Région du Centre
Programme d’insertion socioprofessionnelle des jeunes :
Le Premier ministre procède au lancement officiel

La cérémonie de lancement officiel du Programme d’insertion socioprofessionnelle des jeunes (PISJ) est intervenue dans la matinée du samedi 26 novembre 2016 à la Place de la Nation de Ouagadougou, sous la houlette du Premier ministre, Paul Kaba THIEBA. D’un coût global de 4 872 379 000 F CFA, la mise en œuvre du PISJ va permettre de créer au moins 13 350 emplois permanents et temporaires à la fin de sa première phase.
Dans son Programme quinquennal intitulé : « Bâtir avec le peuple un Burkina Faso de démocratie, de progrès économique et social, de liberté et de justice », le président du Faso, Roch Marc Christian KABORE s’est engagé à faire des jeunes des acteurs dynamiques du développement en créant les conditions nécessaires à leur insertion professionnelle.
C’est dans la dynamique de concrétisation de cet engagement en matière d’emploi que le gouvernement a adopté le Programme d’insertion socioprofessionnelle des jeunes (PISJ) dont le lancement officiel est intervenue, le samedi 26 novembre 2016, sous la houlette du Premier ministre, Paul Kaba THIEBA.

D’un coût global de 4 872 379 000 F CFA, la mise en œuvre du PISJ va s’articuler autour de trois (03) composantes opérationnelles.
La première composante relative aux Travaux à haute intensité de main d’œuvre (THIMO) va consister à recruter 10 950 jeunes pour les travaux d’assainissement et de voirie soit 5 500 à Ouagadougou, 3 300 à Bobo-Dioulasso et 2 150 dans les 43 autres chefs-lieux de provinces, et procéder à la formation aux métiers et à l’insertion professionnelle de 500 jeunes bénéficiaires des THIMO.
La seconde composante est consacrée au renforcement de l’employabilité avec la mise en position de stage de pré-emploi de 500 jeunes diplômés ou qualifiés, à l’insertion professionnelles d’au moins 300 jeunes diplômés ou qualifiés ainsi qu’à la formation de 100 jeunes non scolarisés et déscolarisés à la conduite d’engins lourds des mines et des travaux publics.
La troisième composante est exclusivement orientée vers l’insertion professionnelle à travers la promotion de l’auto-emploi des jeunes à savoir financer 500 projets innovants de création de micros entreprises structurantes initiés et soumis par les jeunes diplômés de l’enseignement supérieur mais également d’’accompagner l’installation des jeunes ruraux formés aux métiers agricoles en les dotant de kits et de fonds de roulement pour la création de 1 000 micros entreprises rurales.

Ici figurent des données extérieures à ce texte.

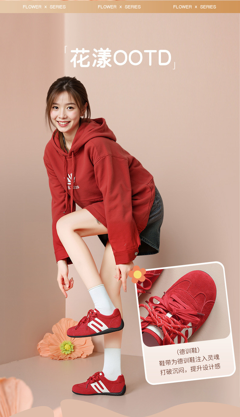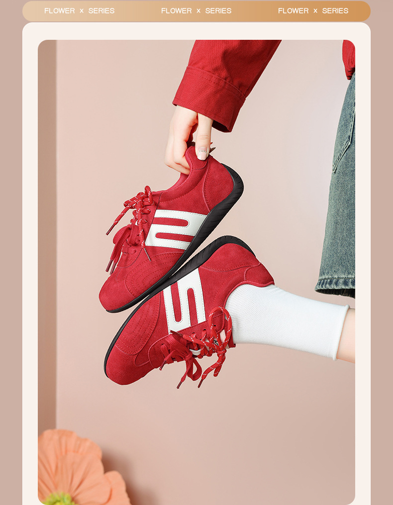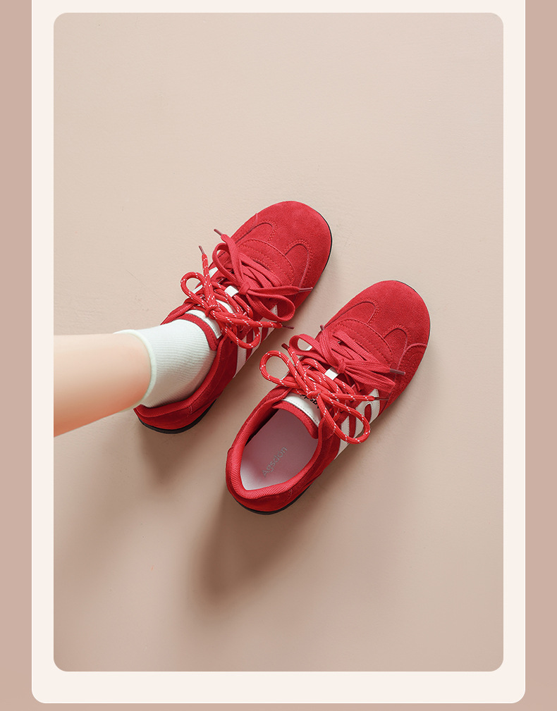 Zapatos de entrenamiento alemán rojos de Augu Shi Deng para mujeres 2025 nuevos zapatos de suela gruesa de otoño zapatos deportivos casuales zapatos de ballet para mujeres

La mise en œuvre de ces trois composantes opérationnelles du PISJ va permettre de créer au moins 13 350 emplois permanents et temporaires à la fin de sa première phase.
Selon le Chef du gouvernement, la solution la plus efficace en matière d’emplois des jeunes réside dans la réforme du système éducatif burkinabè.
« Il faut impérativement et dans un bref délai réadapter la formation au marché de l’emploi. Cette vison du Plan national de développement économique et social (PNDES) procède de la ferme volonté de l’Etat, de faire en sorte que les jeunes qui entrent à l’école, en sortent avec un savoir-faire adapté au besoin du marché de l’emploi. C’est pourquoi, au-delà de l’enseignement général, un accent particulier sera mis sur l’enseignement technique, la formation professionnelle ou qualifiante, dans une démarche intégrée. C’est seulement lorsque le pays disposera d’une masse critique de jeunes ayant un savoir-faire et une qualification professionnelle qu’ils pourront apporter une contribution efficiente à la croissance économique du Burkina Faso », a-t-il insisté.
Par ailleurs, il a laissé entendre que la lutte contre le chômage et le sous-emploi ne pourra aboutir que si l’ensemble des acteurs du développement s’approprie pleinement les problématiques majeures et développe, dans une synergie d’actions, des initiatives pertinentes pour leur résorption.
En cela, il a invité les partenaires au développement à poursuivre leur soutien au gouvernement dans ses efforts de promotion de l’emploi et à s’impliquer davantage dans les initiatives à finalité d’emplois.
Le Premier ministre a également invité les jeunes, qui à son avis, sont les acteurs de premier plan dans le changement politique intervenu au Burkina Faso, à contribuer aux côtés du gouvernement, au processus du développement économique et social en marche.
ET M. THIEBA d’ajouter : « Pour ce faire, les jeunes doivent avoir pour leitmotiv, l’appropriation des principes démocratiques, la culture de l’esprit de patriotisme, de civisme et de tolérance, la participation citoyenne aux actions de développement national, la contribution à la consolidation de la paix et de stabilité sociale, l’exploitation rationnelle et responsable des opportunités qui leur sont offertes ».